Matteo Pavone -

Objective: This study aimed to evaluate the accuracy, consistency, and reliability of three large language models—ChatGPT-4.0, DeepSeek-R1, and Gemini-2.0—in answering cervical cancer-related questions based on the ESGO/ESTRO/ESP guidelines. Design: Prospective, comparative in silico benchmarking study. Setting: Fondazione Policlinico Universitario A. Gemelli, Italy. Population or Sample: Fifty questions derived from the ESGO/ESTRO/ESP Guidelines for Cervical Cancer. Methods: Each question was submitted simultaneously to ChatGPT-4.0, DeepSeek-R1, and Gemini-2.0, and re-entered twice to assess response repeatability. Answers were evaluated for accuracy using a Global Quality Score (GQS) from 1 (poor) to 5 (completely accurate). Consistency (intra-model response stability) and reliability (alignment with guidelines) were assessed using binary classification. Main Outcome Measures: Mean GQS, percentage of GQS 5 responses, consistency between repeated answers, and reliability. Results: ChatGPT-4.0 achieved the highest performance, with 42% of responses rated GQS 5, followed by Gemini-2.0 (30%) and DeepSeek-R1 (28%). DeepSeek-R1 scored significantly lower in mean GQS (3.02 ± 1.671) compared to ChatGPT-4.0 (3.74 ± 1.411, p=0.022).
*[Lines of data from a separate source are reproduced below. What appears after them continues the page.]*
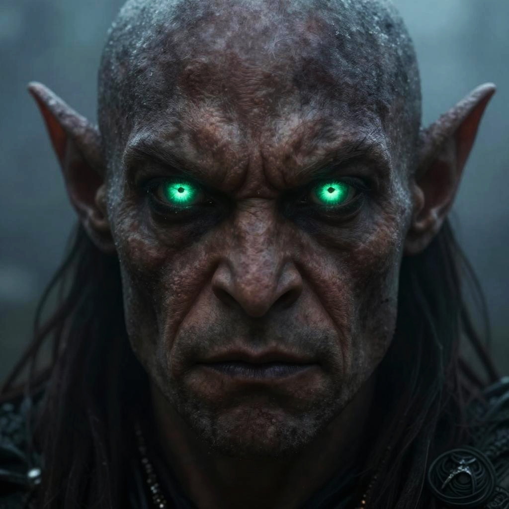 Fierce Half-Orc with Glowing Eyes
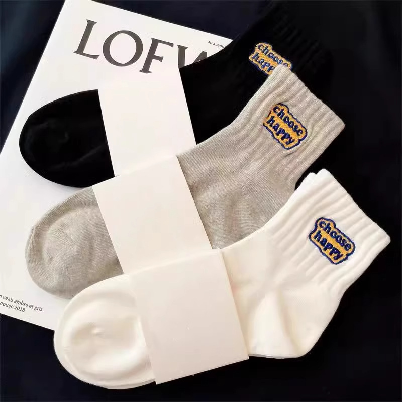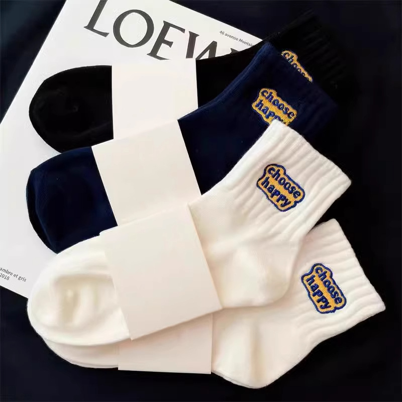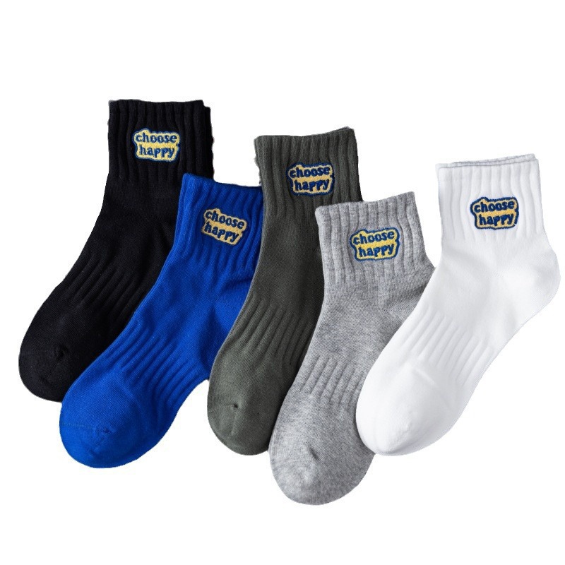 봄, 가을 남성용 새 양말 솔리드 컬러 레터 양말 미드 튜브 양말 땀 흡수, 통기성, 탈취제 및 트렌디한 남성용 스포츠 레터 양말스토어 가기
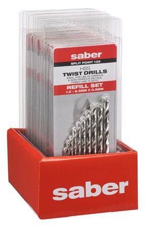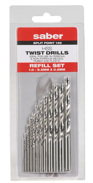 - Saber HSS Bright Finish Drill Refill Set 1.0-6.5mm x 0.5mm increments.
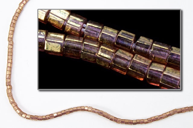 Size 11/0 transparent luster metallic rose gold hex cut cylinder seed bead.
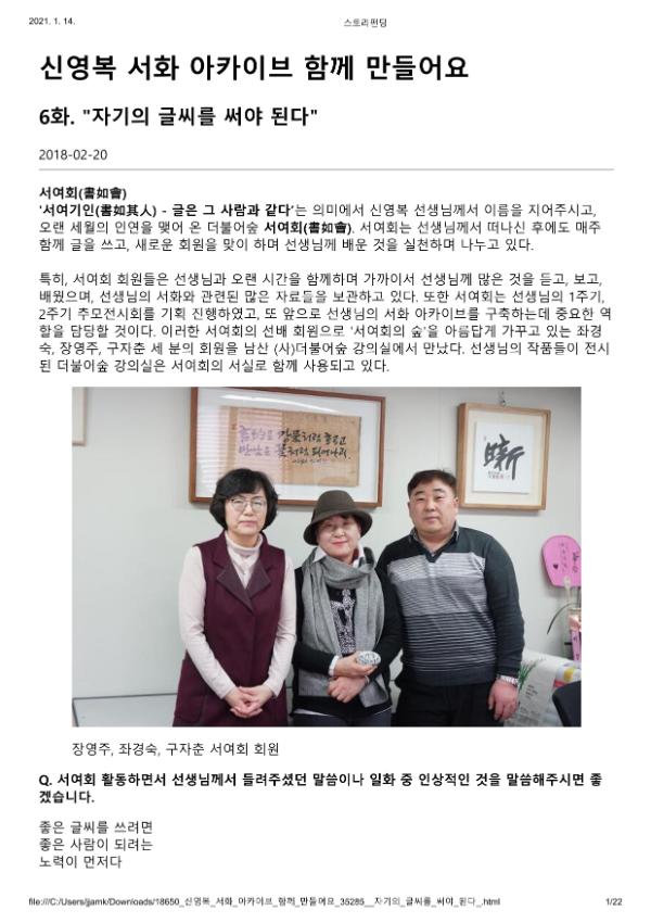 '서여기인(書如其人) - 글은 그 사람과 같다’는 의미에서 신영복 선생님께서 이름을 지어주시고, 오랜 세월의 인연을 맺어 온 더불어숲 서여회(書如會). 서여회는 선생님께서 떠나신 후에도 매주 함께 글을 쓰고, 새로운 회원을 맞이 하며 선생님께 배운 것을 실천하며 나누고 있다.

Response consistency varied significantly, with ChatGPT-4.0 and DeepSeek-R1 showing differences from Gemini-2.0 (p=0.034 and p=0.044, respectively). No significant difference was observed in reliability (p=0.602). Conclusion: All three models showed suboptimal accuracy in applying cervical cancer guidelines. ChatGPT-4.0 was the most accurate and consistent, while DeepSeek-R1 underperformed. Despite similar reliability across models, expert oversight remains essential to ensure safe clinical application and prevent misinformation. Funding: None.